**Task goal**
Exclude all pictures from your copy of the data below, which should otherwise match exactly.

**The data**
---
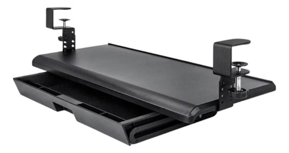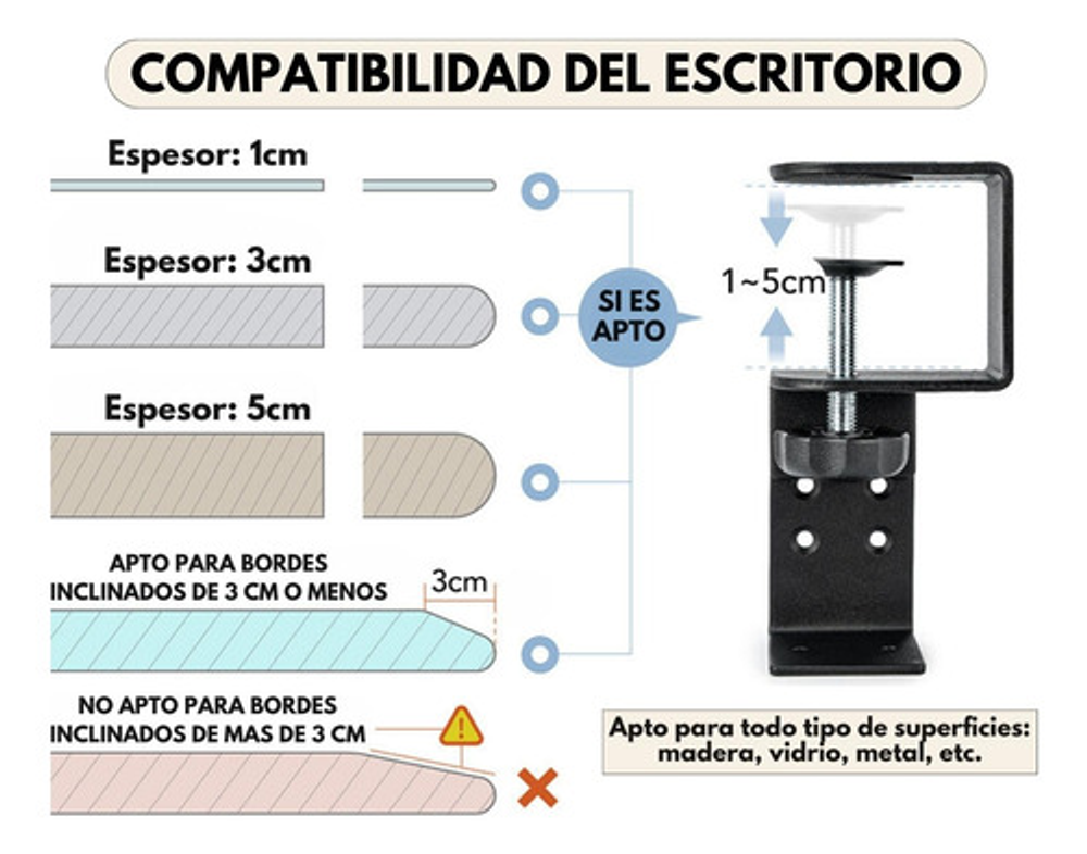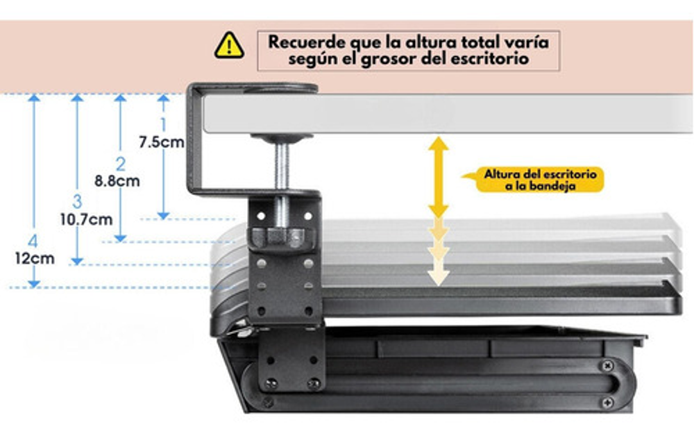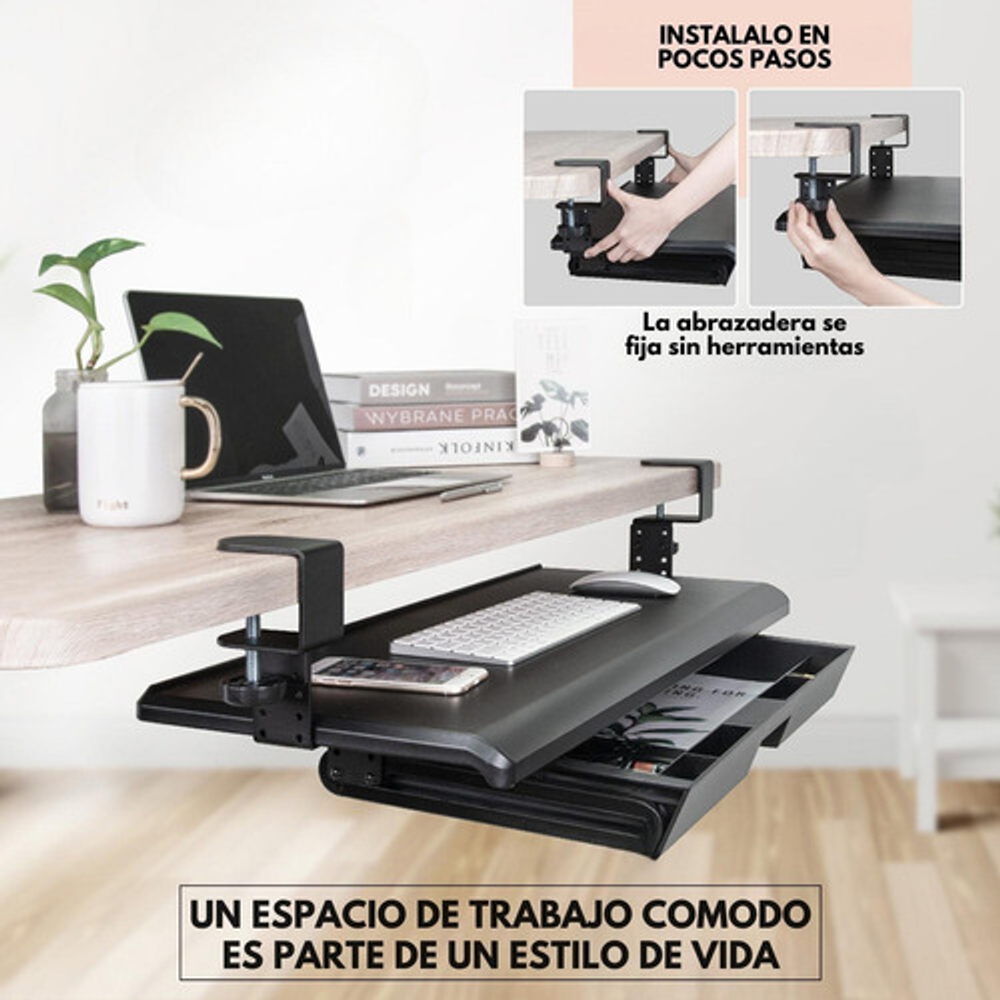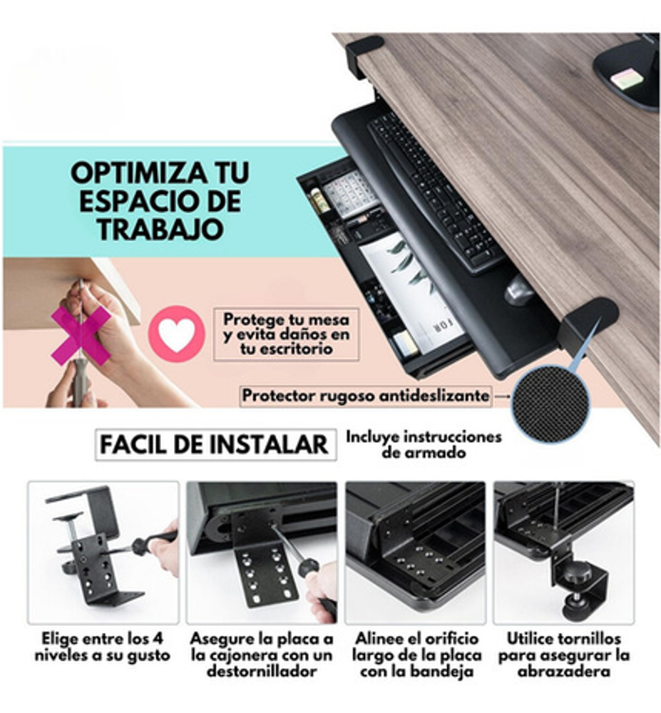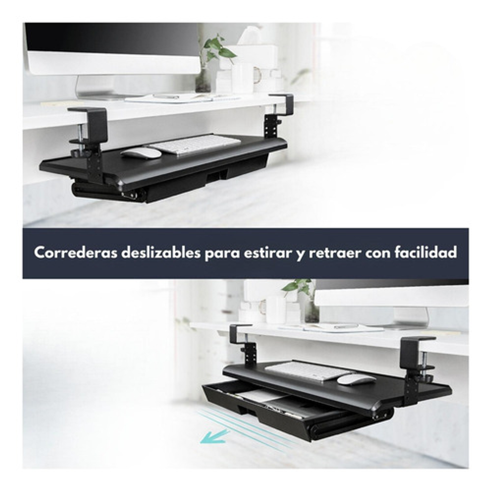 • Fácil Instalación: Se adapta fácilmente a diversos tipos de escritorios, ofreciendo versatilidad en su instalación. • Diseño Ergonómico: Reduce la carga en hombros y cuello, brindando un entorno de trabajo más cómodo. • Riel Deslizante: El teclado se guarda de forma inteligente bajo la mesa, liberando espacio en tu escritorio. • Abrazadera Resistente: La abrazadera de metal en forma de C se monta con facilidad en el borde de tu mesa, garantizando una sujeción segura. • Almacenamiento Inteligente: La cajonera de almacenamiento incorporada ayuda a mantener su escritorio más ordenado y organizado. • Compatibilidad Versátil: Adecuada para escritorios con un grosor de hasta 50 mm. • Nota Importante: No recomendado para bordes de mesa biselados que tengan mas de 3 cm (APTO PARA ESCRITORIOS QUE EL BORDE BISELADO TENGA MENOS DE 3 CM). Asegúrate de medir el grosor del tablero de tu mesa antes de comprar. • Espaciosa: La bandeja tiene 70x31 cm y la cajonera tiene 51x30 cm. • Ajuste de Altura: El teclado se puede ajustar en 4 niveles diferentes según sus preferencias (7.5 cm, 8.8 cm, 10.7 y 12 cm), brindándole una experiencia de trabajo personalizada. • Soporte de Peso: Soporta hasta 10 kg de carga, lo que le permite colocar dispositivos adicionales con confianza. • Hecho en Taiwán: Garantiza calidad y durabilidad.
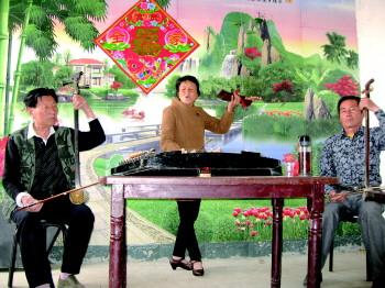 去年,王云才夫妇搬到了北王社区新盖的楼房,家里安上了空调,摆上了彩电,在生活富足的同时,他自编了很多表现新农村的唱段。“手打木板慢敲琴,握弓扶弦定定音,未从开书稽首拜,听我唱唱北王新农村……”说着,王云才为记者演唱了一段自己编写的琴书唱段。
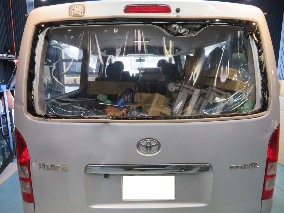 トヨタ ハイエース標準 リアガラス交換 2026/01/23 トヨタ ハイエース標準 リアガラス交換 東京都よりご来店くださいました。 輸入のリアガラスに交換です。 車体側に少し凹みがありましたが問題なく取り付けることができました。 リアガラス交換前 リアガラス交換後 本日はご来店ありがとうございました
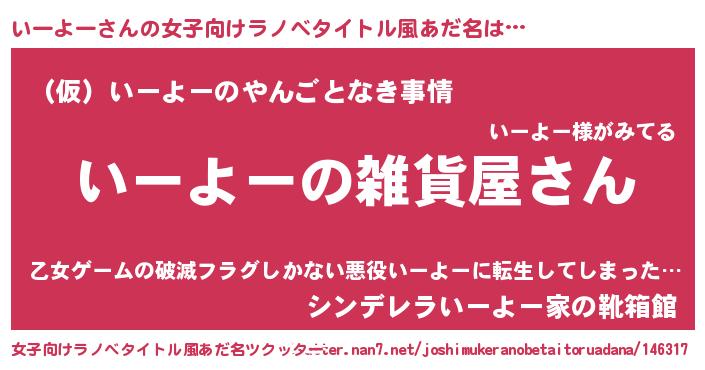 | 男性向けラノベタイトル風あだ名 | 『やはりいーよーの青春ラブコメはまちがっている 』 |
---
**Answer section**
 • Fácil Instalación: Se adapta fácilmente a diversos tipos de escritorios, ofreciendo versatilidad en su instalación. • Diseño Ergonómico: Reduce la carga en hombros y cuello, brindando un entorno de trabajo más cómodo. • Riel Deslizante: El teclado se guarda de forma inteligente bajo la mesa, liberando espacio en tu escritorio. • Abrazadera Resistente: La abrazadera de metal en forma de C se monta con facilidad en el borde de tu mesa, garantizando una sujeción segura. • Almacenamiento Inteligente: La cajonera de almacenamiento incorporada ayuda a mantener su escritorio más ordenado y organizado. • Compatibilidad Versátil: Adecuada para escritorios con un grosor de hasta 50 mm. • Nota Importante: No recomendado para bordes de mesa biselados que tengan mas de 3 cm (APTO PARA ESCRITORIOS QUE EL BORDE BISELADO TENGA MENOS DE 3 CM). Asegúrate de medir el grosor del tablero de tu mesa antes de comprar. • Espaciosa: La bandeja tiene 70x31 cm y la cajonera tiene 51x30 cm. • Ajuste de Altura: El teclado se puede ajustar en 4 niveles diferentes según sus preferencias (7.5 cm, 8.8 cm, 10.7 y 12 cm), brindándole una experiencia de trabajo personalizada. • Soporte de Peso: Soporta hasta 10 kg de carga, lo que le permite colocar dispositivos adicionales con confianza. • Hecho en Taiwán: Garantiza calidad y durabilidad.
 去年,王云才夫妇搬到了北王社区新盖的楼房,家里安上了空调,摆上了彩电,在生活富足的同时,他自编了很多表现新农村的唱段。“手打木板慢敲琴,握弓扶弦定定音,未从开书稽首拜,听我唱唱北王新农村……”说着,王云才为记者演唱了一段自己编写的琴书唱段。
 トヨタ ハイエース標準 リアガラス交換 2026/01/23 トヨタ ハイエース標準 リアガラス交換 東京都よりご来店くださいました。 輸入のリアガラスに交換です。 車体側に少し凹みがありましたが問題なく取り付けることができました。 リアガラス交換前 リアガラス交換後 本日はご来店ありがとうございました
 | 男性向けラノベタイトル風あだ名 | 『やはりいーよーの青春ラブコメはまちがっている 』 |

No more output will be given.